We're finally starting to feel fall slipping in under the heat pallisades summer has thrown up around this part of Texas. With the change of season, I'm finding my imagination shifting onto different paths. I've always been the kind of writer who picks up some things easier in cool weather, with the lead-in to the winter holidays being a good time for me to outline and come up with new ideas and summer being a good time to slog through revisions (long days, extra incentive to stay inside, hurricane season preparations goading me to straighten stuff up).
This fall, I don't think I'm going to be able to focus on new things, however. I've been piling up a set of drafts that are just hanging out and I need to give them the attention they deserve. Imagination will just have to content itself it with finding something to do with all the paper and scrapbook stuff in the front room. Oh, and figuring how I'm going to get all the Halloween decorating done this week, before my in-laws arrive (I thought they'd enjoy seeing the house all dressed up--we'll see). Maybe the heat will hold on long enough for me to get everything done.

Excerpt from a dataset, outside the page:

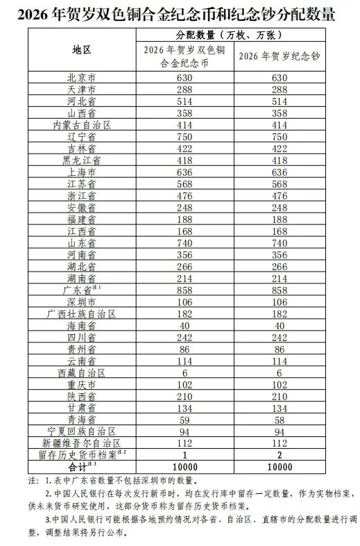 2026年1月12日前,中國(guó)人民銀行分支機(jī)構(gòu)將向社會(huì)公告當(dāng)?shù)?026年賀歲雙色銅合金紀(jì)念幣和紀(jì)念鈔的分配數(shù)量等信息。承辦銀行將在其官方網(wǎng)站公布2026年賀歲雙色銅合金紀(jì)念幣和紀(jì)念鈔預(yù)約兌換網(wǎng)點(diǎn)及每個(gè)網(wǎng)點(diǎn)的可預(yù)約數(shù)量等信息。
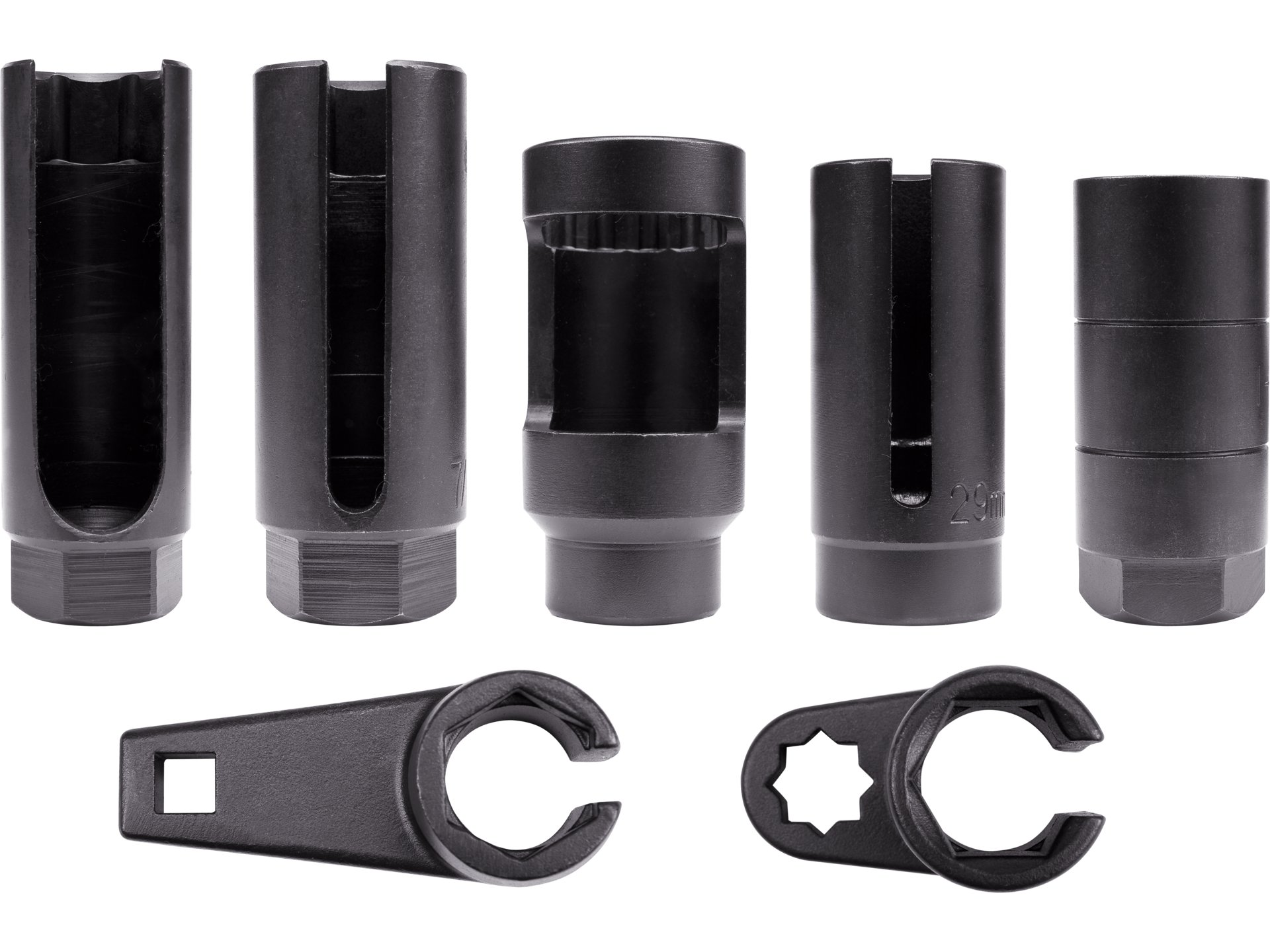 Kit profesional pentru diagnostică și reparare motoare, cu 7 chei tubulare din material CrMo SCM-440 și CrV 50BV30 de înaltă rezistență. Mărimi variate (22, 27, 29 mm) pe suporturi duale 1/2″ și 3/8″, adaptate pentru lucru la sonde lambda și injectoare de combustibil. Construcție durabilă și precizionism pentru aplicații în mecanică fină.

Meanwhile, I'm picking up and reading the first bits of a handful of books. My attention has swung toward the physical spaces around me and the interior spaces offered during reading is too cramped. I think I'm reaching the end of my memoir fascination, but I have two more to go before I exhaust my teeny reading list. There is a tendency toward the twee and precious that is clogging the text of the last two, something about looking back on parts of life that neither author seems to want to integrate into their current life. Perhaps they'll seem more welcoming after a day stuffing chrysanthemums into pots and beds.